ABOUT THIS EXERCISE: Return exactly the lines of the data below, from the one that contains "DREILICH Abfall-Abwurfklappe 9100302" through the final line, and leave out every picture.

DATA SHOWN:
▬▬▬▬▬▬▬▬▬▬
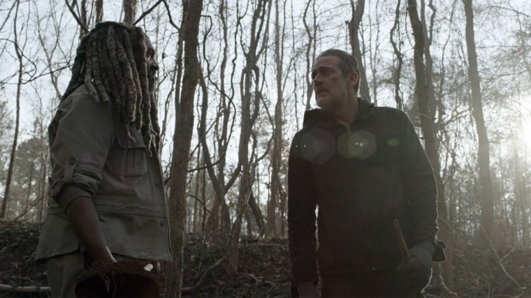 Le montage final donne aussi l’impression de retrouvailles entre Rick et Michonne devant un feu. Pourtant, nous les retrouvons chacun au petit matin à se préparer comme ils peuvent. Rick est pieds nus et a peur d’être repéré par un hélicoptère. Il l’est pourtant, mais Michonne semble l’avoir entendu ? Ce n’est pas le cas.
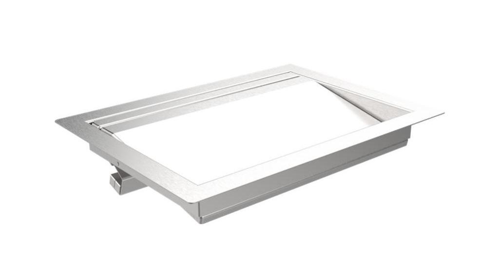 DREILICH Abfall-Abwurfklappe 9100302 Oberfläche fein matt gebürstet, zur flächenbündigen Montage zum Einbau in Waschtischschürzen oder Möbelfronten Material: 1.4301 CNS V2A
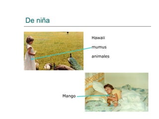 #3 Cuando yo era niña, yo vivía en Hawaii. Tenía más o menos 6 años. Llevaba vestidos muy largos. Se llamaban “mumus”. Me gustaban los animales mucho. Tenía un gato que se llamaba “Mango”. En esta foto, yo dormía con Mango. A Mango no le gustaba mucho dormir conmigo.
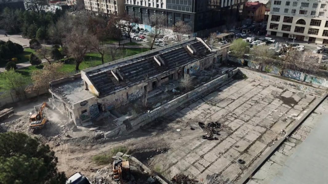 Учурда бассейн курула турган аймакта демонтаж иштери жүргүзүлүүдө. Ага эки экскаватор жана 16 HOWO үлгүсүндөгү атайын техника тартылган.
▬▬▬▬▬▬▬▬▬▬
TASK RESPONSE:
 DREILICH Abfall-Abwurfklappe 9100302 Oberfläche fein matt gebürstet, zur flächenbündigen Montage zum Einbau in Waschtischschürzen oder Möbelfronten Material: 1.4301 CNS V2A
 #3 Cuando yo era niña, yo vivía en Hawaii. Tenía más o menos 6 años. Llevaba vestidos muy largos. Se llamaban “mumus”. Me gustaban los animales mucho. Tenía un gato que se llamaba “Mango”. En esta foto, yo dormía con Mango. A Mango no le gustaba mucho dormir conmigo.
 Учурда бассейн курула турган аймакта демонтаж иштери жүргүзүлүүдө. Ага эки экскаватор жана 16 HOWO үлгүсүндөгү атайын техника тартылган.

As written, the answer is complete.